• [RECORDS FOR THIS EXERCISE]:
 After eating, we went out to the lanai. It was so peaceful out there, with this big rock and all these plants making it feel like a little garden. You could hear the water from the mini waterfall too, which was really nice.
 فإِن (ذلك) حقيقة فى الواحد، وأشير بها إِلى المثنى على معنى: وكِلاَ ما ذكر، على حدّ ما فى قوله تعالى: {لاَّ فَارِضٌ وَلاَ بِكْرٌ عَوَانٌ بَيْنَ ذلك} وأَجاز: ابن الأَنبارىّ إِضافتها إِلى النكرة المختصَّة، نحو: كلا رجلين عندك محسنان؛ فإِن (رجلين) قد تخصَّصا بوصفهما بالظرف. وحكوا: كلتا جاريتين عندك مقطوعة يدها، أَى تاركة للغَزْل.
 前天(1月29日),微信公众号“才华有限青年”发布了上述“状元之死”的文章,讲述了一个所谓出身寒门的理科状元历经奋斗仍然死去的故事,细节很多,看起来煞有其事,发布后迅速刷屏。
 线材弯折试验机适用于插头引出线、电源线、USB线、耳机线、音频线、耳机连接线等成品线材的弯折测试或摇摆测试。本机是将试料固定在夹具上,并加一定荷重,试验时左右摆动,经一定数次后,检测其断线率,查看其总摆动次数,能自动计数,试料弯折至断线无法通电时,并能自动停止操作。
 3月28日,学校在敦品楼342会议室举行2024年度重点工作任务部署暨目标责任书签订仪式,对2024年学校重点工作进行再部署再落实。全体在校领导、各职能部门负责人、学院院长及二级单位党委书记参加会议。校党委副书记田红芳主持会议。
--
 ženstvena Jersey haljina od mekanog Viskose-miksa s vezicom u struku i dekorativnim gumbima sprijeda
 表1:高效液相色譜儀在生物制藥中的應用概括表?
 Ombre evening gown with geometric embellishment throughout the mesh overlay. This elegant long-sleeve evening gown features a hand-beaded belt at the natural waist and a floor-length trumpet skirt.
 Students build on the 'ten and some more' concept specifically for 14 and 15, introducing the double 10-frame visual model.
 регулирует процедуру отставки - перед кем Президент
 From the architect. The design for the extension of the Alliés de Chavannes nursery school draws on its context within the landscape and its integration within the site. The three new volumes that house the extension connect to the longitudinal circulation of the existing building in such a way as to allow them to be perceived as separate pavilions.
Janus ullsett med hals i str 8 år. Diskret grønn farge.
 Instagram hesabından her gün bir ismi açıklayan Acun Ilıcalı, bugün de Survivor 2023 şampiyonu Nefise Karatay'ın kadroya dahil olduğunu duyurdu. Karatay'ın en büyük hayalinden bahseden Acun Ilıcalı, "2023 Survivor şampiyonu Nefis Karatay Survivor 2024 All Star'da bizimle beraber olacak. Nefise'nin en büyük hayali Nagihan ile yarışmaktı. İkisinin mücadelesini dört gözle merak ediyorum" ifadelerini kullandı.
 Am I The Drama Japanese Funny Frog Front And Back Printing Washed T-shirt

• [YOUR GOAL]: In the entries above, please find the line with "فإِن (ذلك) حقيقة" and the line with "3月28日,学校在敦品楼34", then write out exactly those two lines and every line between them, and nothing more.

• [TASK OUTPUT]:
 فإِن (ذلك) حقيقة فى الواحد، وأشير بها إِلى المثنى على معنى: وكِلاَ ما ذكر، على حدّ ما فى قوله تعالى: {لاَّ فَارِضٌ وَلاَ بِكْرٌ عَوَانٌ بَيْنَ ذلك} وأَجاز: ابن الأَنبارىّ إِضافتها إِلى النكرة المختصَّة، نحو: كلا رجلين عندك محسنان؛ فإِن (رجلين) قد تخصَّصا بوصفهما بالظرف. وحكوا: كلتا جاريتين عندك مقطوعة يدها، أَى تاركة للغَزْل.
 前天(1月29日),微信公众号“才华有限青年”发布了上述“状元之死”的文章,讲述了一个所谓出身寒门的理科状元历经奋斗仍然死去的故事,细节很多,看起来煞有其事,发布后迅速刷屏。
 线材弯折试验机适用于插头引出线、电源线、USB线、耳机线、音频线、耳机连接线等成品线材的弯折测试或摇摆测试。本机是将试料固定在夹具上,并加一定荷重,试验时左右摆动,经一定数次后,检测其断线率,查看其总摆动次数,能自动计数,试料弯折至断线无法通电时,并能自动停止操作。
 3月28日,学校在敦品楼342会议室举行2024年度重点工作任务部署暨目标责任书签订仪式,对2024年学校重点工作进行再部署再落实。全体在校领导、各职能部门负责人、学院院长及二级单位党委书记参加会议。校党委副书记田红芳主持会议。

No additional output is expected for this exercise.